– Al dottor Domenico (Nico) Arangio. Il mio paese ha un cuore antico e il vestito ancora nuovo. Guarda da torri saracene il passaggio dei tonni e le mattanze, e brinda con forte vino al rosso figlio del sole che nasce dal ventre delle serre. Il mio paese ha un dolce nome: Pachino. La sua pelle odora di mosto e di fichi e la sua voce è una nenia di vento che canta le leggende dei due mari. Vanno i battelli mattutini verso gli orizzonti d’Africa, vanno e si portano le mie malinconie.
Dove abita il vento? A Pachino. Qui Eolo ha casa e bottega. Vitaliano Brancati: “Pachino intorno al ‘900 non era un grosso paese, e tuttavia era pieno di fracasso. Questo vento spazza continuamente il paese e fa brillare i ciottoli come diamanti. Quel vento è legato, in modo molto intimo, alla mia infanzia”.
Posto sull’estrema punta meridionale della Sicilia, cullato a nord-est dallo Jonio e a sud dal Mediterraneo, Pachino fa da banderuola a tutti i venti che salgono o che scendono, a quelli che nascono e quelli che qui muoiono, dispersi fra i famosi vigneti e la sabbia.
Se dunque qualcuno vi chiede: “dove nasce il vento?”, rispondete tranquillamente: “a Pachino”. Se qualcuno vi chiede: “dove è nato Domenico Arangio?”, voi rispondete: “a Pachino”.
Domenico Arangio è il vento. Su queste terre comincia l’Italia, la Sicilia è la nostra madre. Qui nasce la nostra cultura. Qui è nato Domenico Arangio. Da Marzamemi (Marsa-al-haman che significa “rada delle tortore”), partivano le navi cariche di mosto per Genova. Il dottor Arangio amava la tragedia, amava la vita, il teatro di Siracusa, il gioiello di Palazzolo Acreide. La fisicità del dottore era pari alla sua irruenza, alla sua intelligenza.
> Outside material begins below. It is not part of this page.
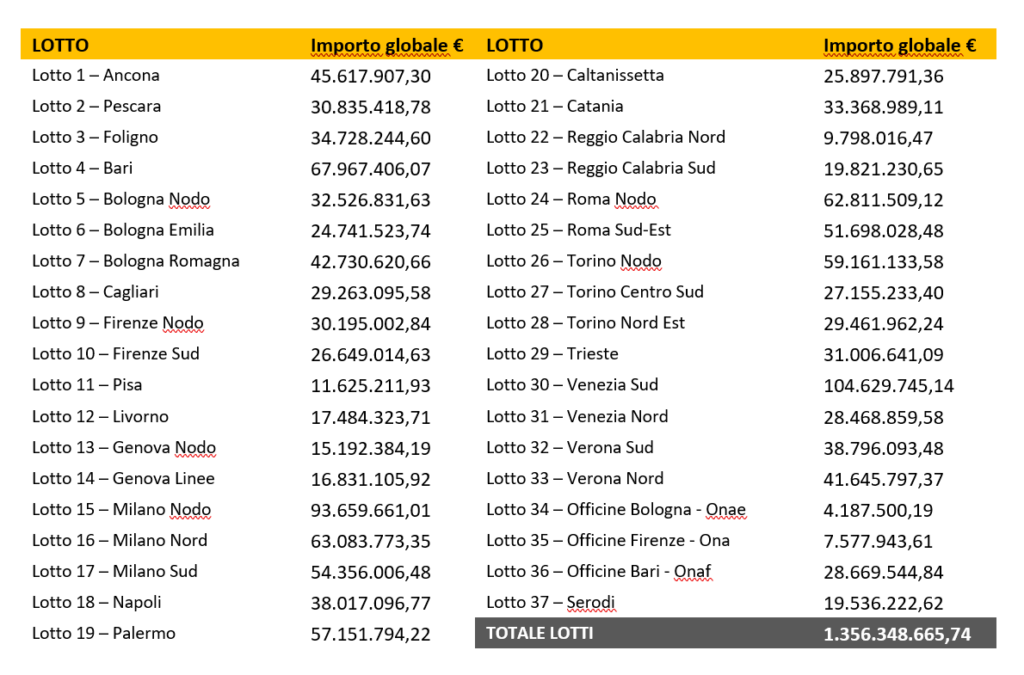 Il valore globale massimo degli accordi quadro in gara ammonta a 1.356.348.665,74 euro ed è suddiviso nei seguenti 37 Lotti.

Ha diviso il pane con tutti, ed anche la caccia. Cum-panis, companatico, compagno hanno la stessa matrice, la stessa radice. Il dottore per noi. Gli anni ’60. La televisione, le Olimpiadi di Roma, il diogreco. Il paese che lo seguiva. Il calcio, la squadra, il medico di una grande vittoria.
Il dottore e il mare, la R4 rossa, il raid Coriano-Rimini-Pachino. Questi ricordi, questi flash nella mente e nel cuore dei corianesi. Tre pensieri che mi suggerisce Domenico, per gli amici Nico:
1) La verità è che la vita di chiunque è disegnata in misura prevalente dagli altri e che a noi tocca recitare come attori nella tragedia; ma la vita è bellissima.
2) Non mi compatite. Oggi sono fuori dallo scafandro della sofferenza. Puro Spirito e parte del vostro Spirito. Io sono un ricordo. Conservatelo e col tempo diventerà un po’ infedele, in melius.
3) Ho partecipato a molti funerali. Nella penombra di quelle chiese ho pianto, sono stato oppresso da pensieri pesanti, oppure ho guardato mosaici ed affreschi con assoluta indifferenza.
Ma in ogni caso uscire da quei luoghi mi ha sempre procurato una gioia profonda. Ritrovare il sole, seppure pallido, sentire il soffio fresco della vita, mi ha riempito ogni volta di euforia.
Poi sono andato al bar più vicino ed ho ordinato un caffè. Questa volta fatelo voi per me. Già mi sembra di sentire la fragranza che si leva dalle tazzine. E sinceramente me ne rallegro.
Caro Domenico, ti sia lieve l’eternità.